## Exercise:
For each record that follows, restate the text exactly and drop the pictures.

## Given records:
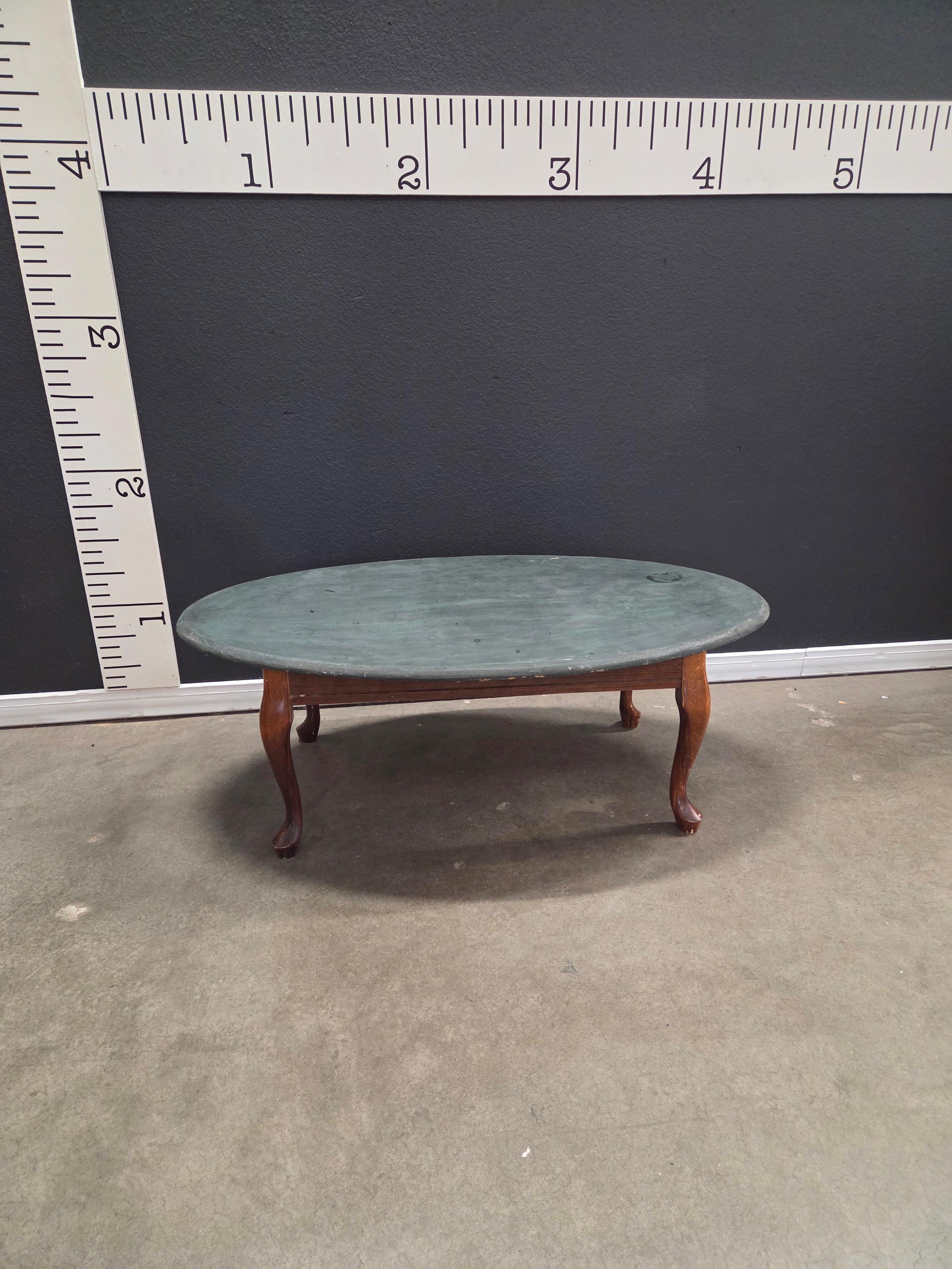 This elegant oval coffee table features a textured gray-green finished tabletop with rich, natural wooden legs, providing a blend of classic and rustic charm. Approximate Size: 1.5 x 4 x 2
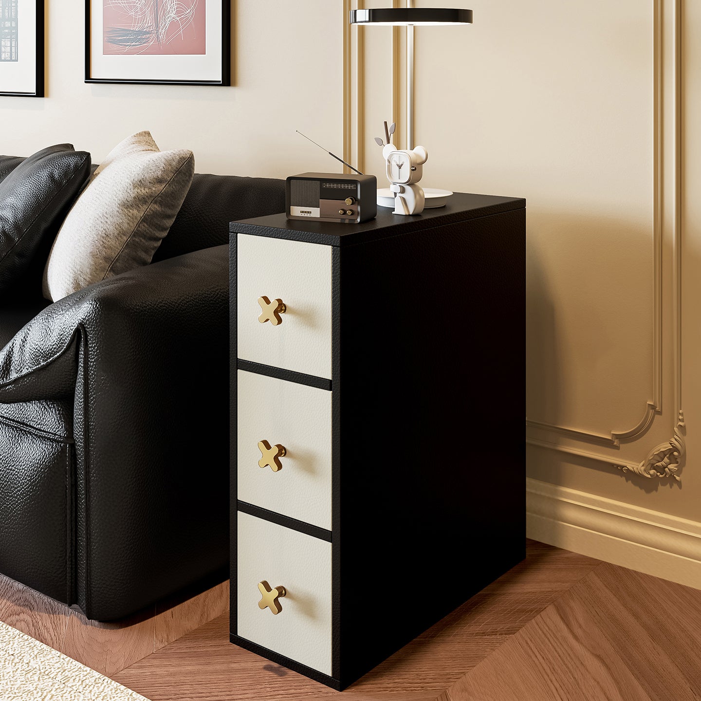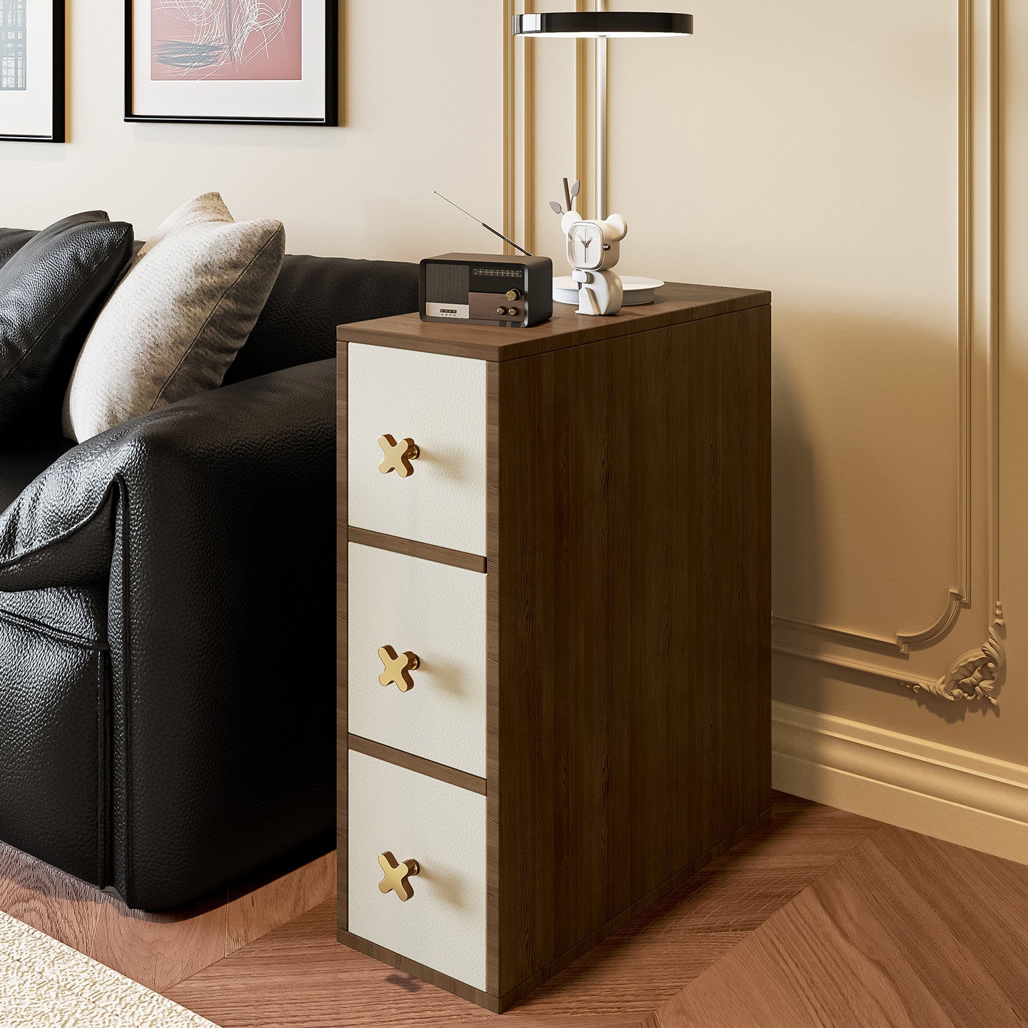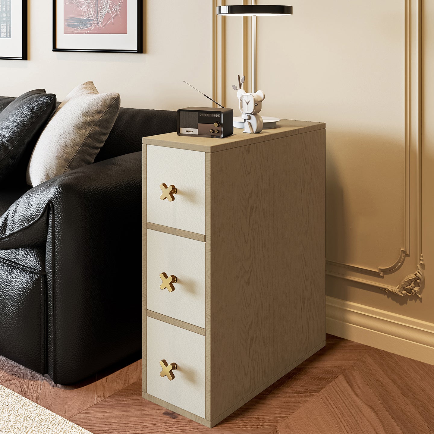 Maximize storage space with this contemporary vintage rectangular side cabinet, crafted from solid pine with microfiber leather accents. Its 3-drawer design ensures organized storage, while the slim and sturdy build fits narrow spaces in living rooms or bedrooms. Available in Light Walnut, Off-White, and Classic Wood tones, it balances durability and elegance.
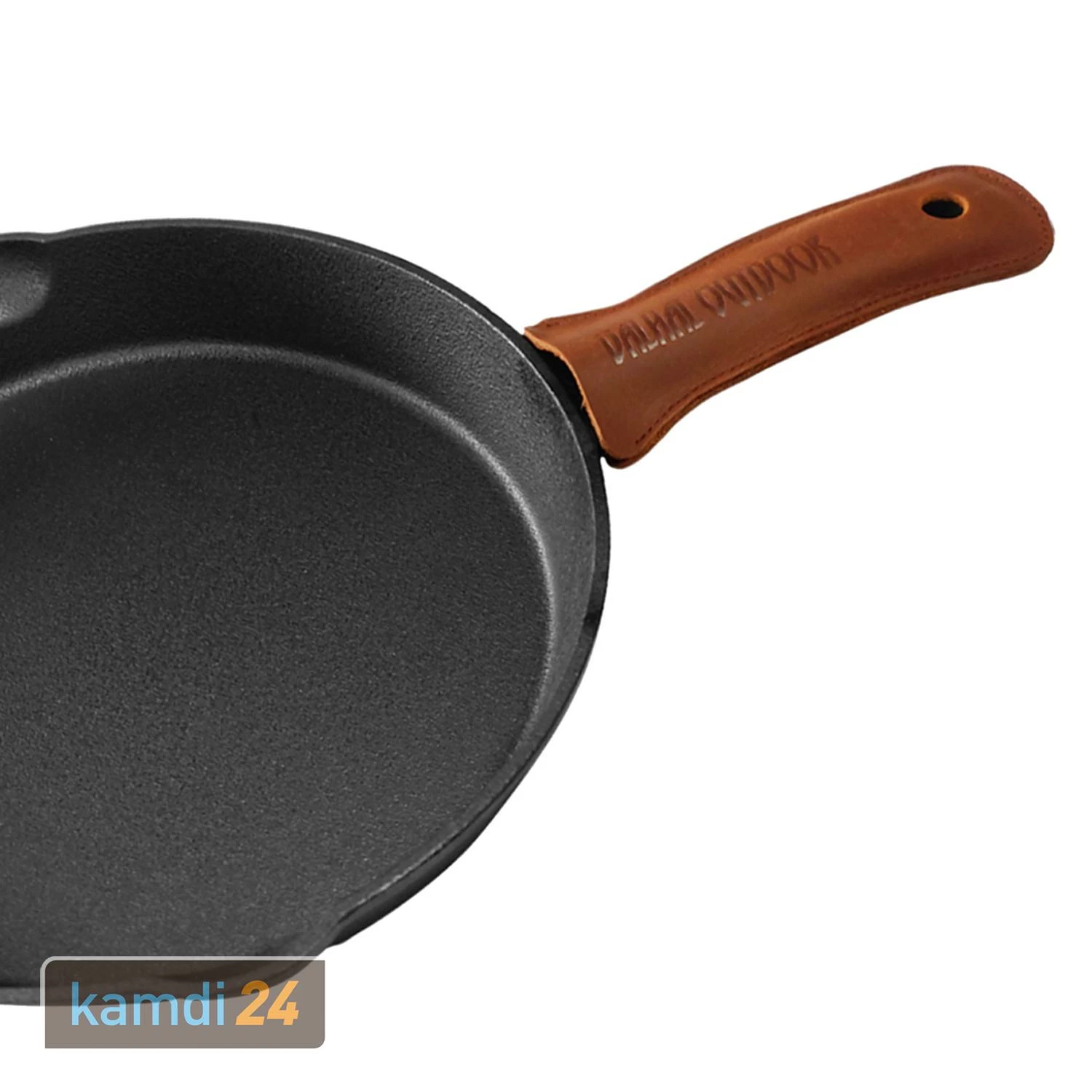 Die von aus Leder kann über den Stiel der Feuerpfanne gestülpt werden und dient als effektiver Schutz vor Verbrennungen, da sich Gusseisen stark erhitzt. Nach der Reinigung der Pfanne kann die Griffhülle zur Aufbewahrung wieder über den Stiel gezogen werden. Ein Loch in der Hülle ermöglicht es, die Pfanne auch mit Hülle an einem Haken aufzuhängen.
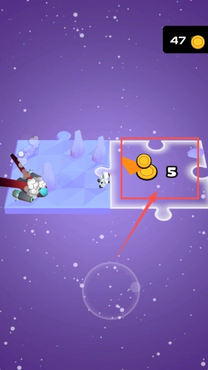 当画面中出现淡蓝色拼图和数字5时,根据箭头的指引点击这块拼图就能获取金币,需要留意的是右上角的金币数量会从47开始递减。
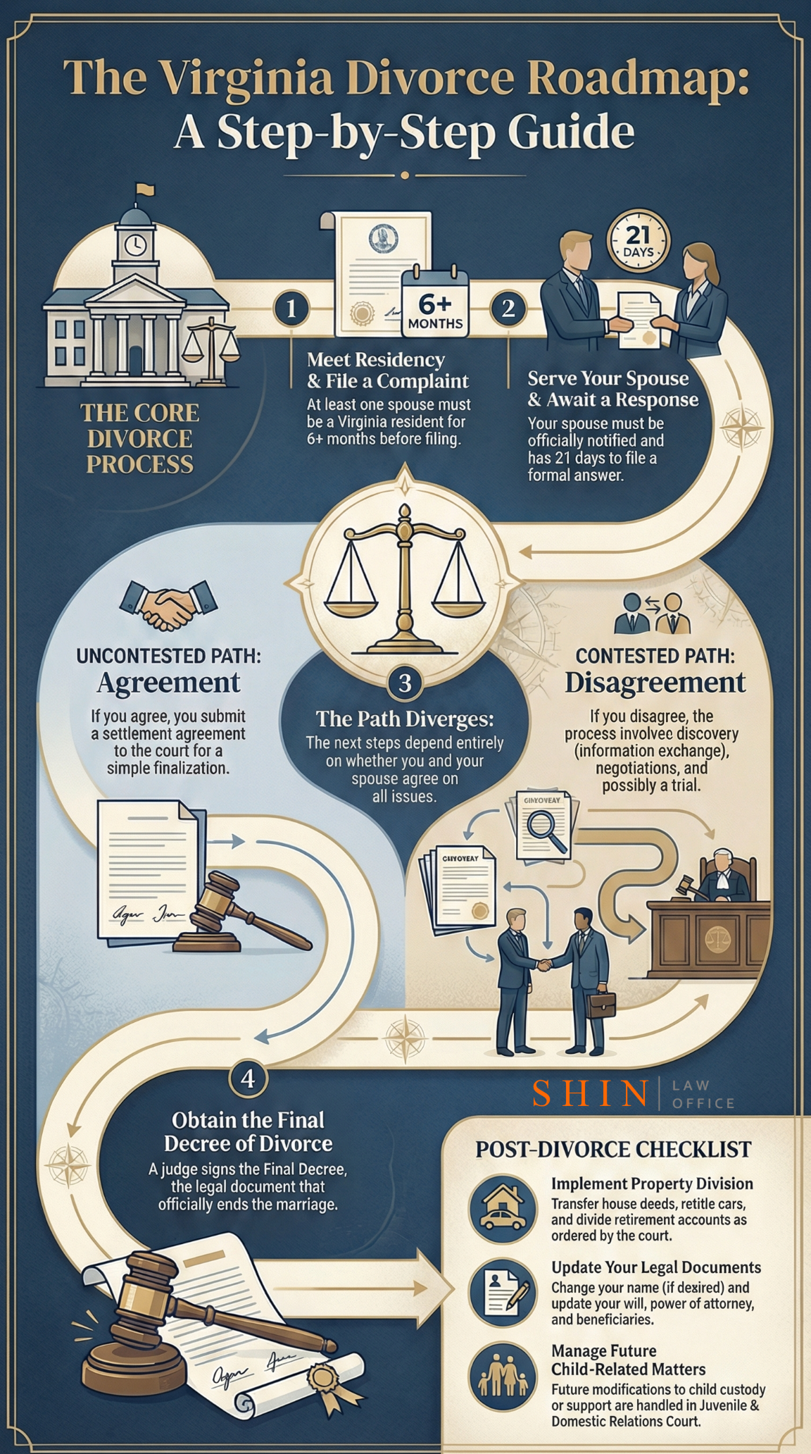 No matter what type of divorce path you choose (uncontested, mediated, contested, etc.), every divorce in Virginia follows the same general legal roadmap. Think of this as the Divorce Journey – the specific scenery might differ (collaborative conference room vs. courthouse, amicable chats vs. heated debates), but the checkpoints along the way are consistent. In this chapter, I’ll outline the step-by-step process for a Virginia divorce from start to finish, with practical insights for residents of Northern Virginia counties.
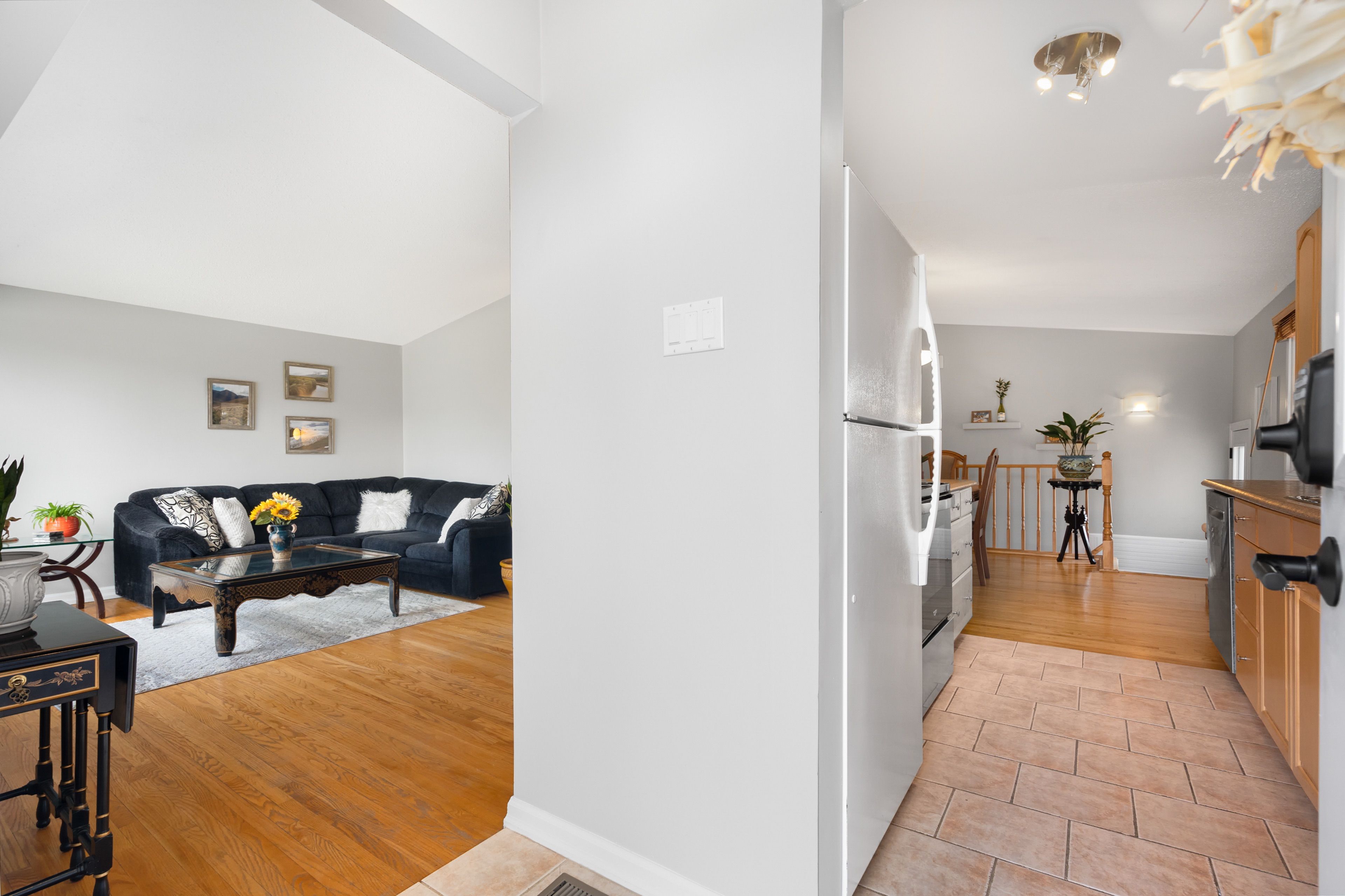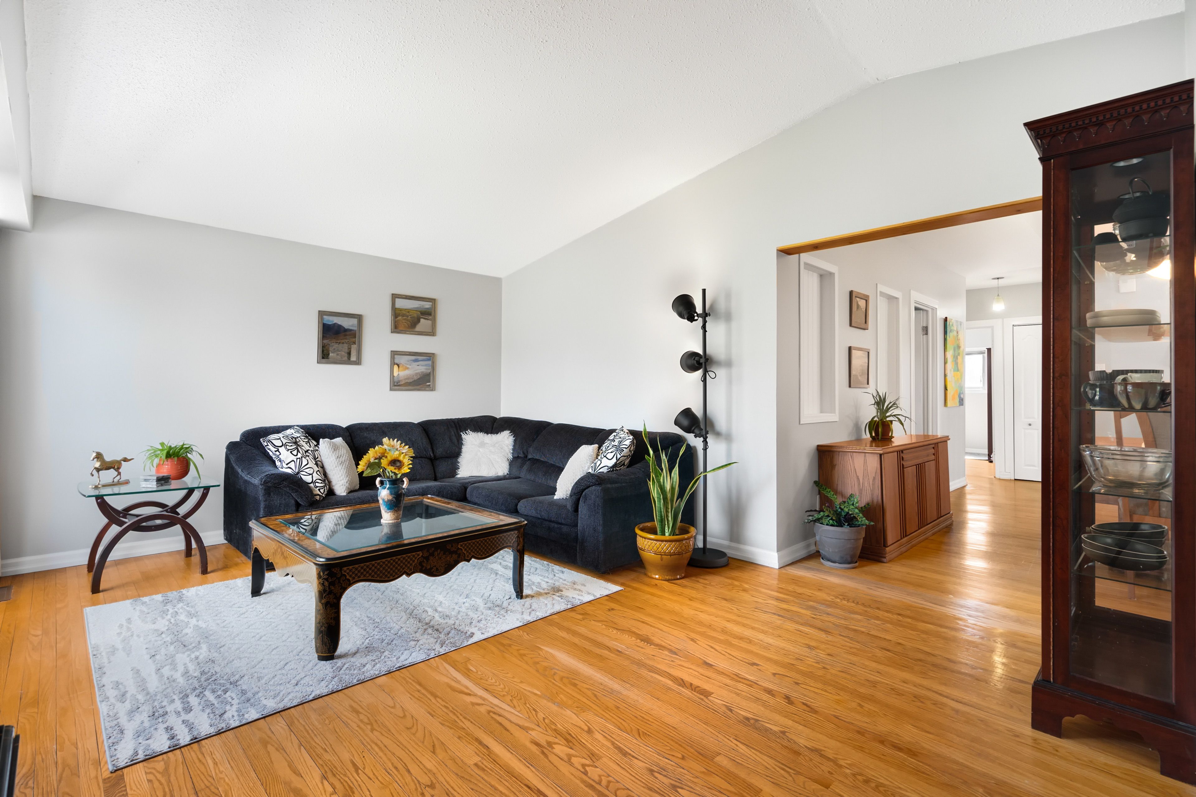 • Open-concept main floor with vaulted ceilings for a bright atmosphere.
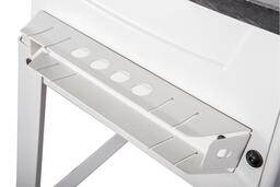 Для сдува опилок с разметки предусмотрен регулируемый воздуховод и помпа, для пылеотсоса 38-миллиметровый патрубок и набор отверстий в столе.
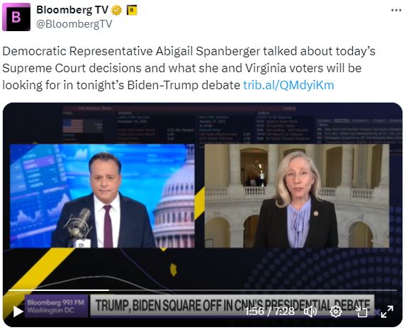 今天在彭博电视台的权力平衡早间版节目中,主持人乔·马修和凯利·莱因兹采访了民主党众议员阿比盖尔·斯潘伯格,谈论了今天最高法院的裁决,以及她和弗吉尼亚选民今晚在拜登-特朗普辩论中将关注的问题。
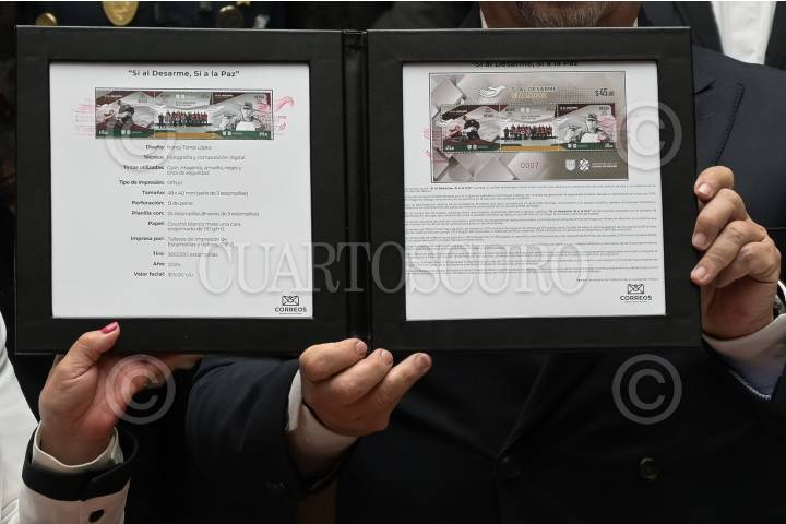 CIUDAD DE MÉXICO, 05AGOSTO2024.- Está mañana se llevó a cabo la cancelación del timbre postal por el programa "Sí al Desarme, Sí a la Paz". FOTO: DANIEL AUGUSTO/ CUARTOSCURO.COM

## Written answer:
 This elegant oval coffee table features a textured gray-green finished tabletop with rich, natural wooden legs, providing a blend of classic and rustic charm. Approximate Size: 1.5 x 4 x 2
 Maximize storage space with this contemporary vintage rectangular side cabinet, crafted from solid pine with microfiber leather accents. Its 3-drawer design ensures organized storage, while the slim and sturdy build fits narrow spaces in living rooms or bedrooms. Available in Light Walnut, Off-White, and Classic Wood tones, it balances durability and elegance.
 Die von aus Leder kann über den Stiel der Feuerpfanne gestülpt werden und dient als effektiver Schutz vor Verbrennungen, da sich Gusseisen stark erhitzt. Nach der Reinigung der Pfanne kann die Griffhülle zur Aufbewahrung wieder über den Stiel gezogen werden. Ein Loch in der Hülle ermöglicht es, die Pfanne auch mit Hülle an einem Haken aufzuhängen.
 当画面中出现淡蓝色拼图和数字5时,根据箭头的指引点击这块拼图就能获取金币,需要留意的是右上角的金币数量会从47开始递减。
 No matter what type of divorce path you choose (uncontested, mediated, contested, etc.), every divorce in Virginia follows the same general legal roadmap. Think of this as the Divorce Journey – the specific scenery might differ (collaborative conference room vs. courthouse, amicable chats vs. heated debates), but the checkpoints along the way are consistent. In this chapter, I’ll outline the step-by-step process for a Virginia divorce from start to finish, with practical insights for residents of Northern Virginia counties.
 • Open-concept main floor with vaulted ceilings for a bright atmosphere.
 Для сдува опилок с разметки предусмотрен регулируемый воздуховод и помпа, для пылеотсоса 38-миллиметровый патрубок и набор отверстий в столе.
 今天在彭博电视台的权力平衡早间版节目中,主持人乔·马修和凯利·莱因兹采访了民主党众议员阿比盖尔·斯潘伯格,谈论了今天最高法院的裁决,以及她和弗吉尼亚选民今晚在拜登-特朗普辩论中将关注的问题。
 CIUDAD DE MÉXICO, 05AGOSTO2024.- Está mañana se llevó a cabo la cancelación del timbre postal por el programa "Sí al Desarme, Sí a la Paz". FOTO: DANIEL AUGUSTO/ CUARTOSCURO.COM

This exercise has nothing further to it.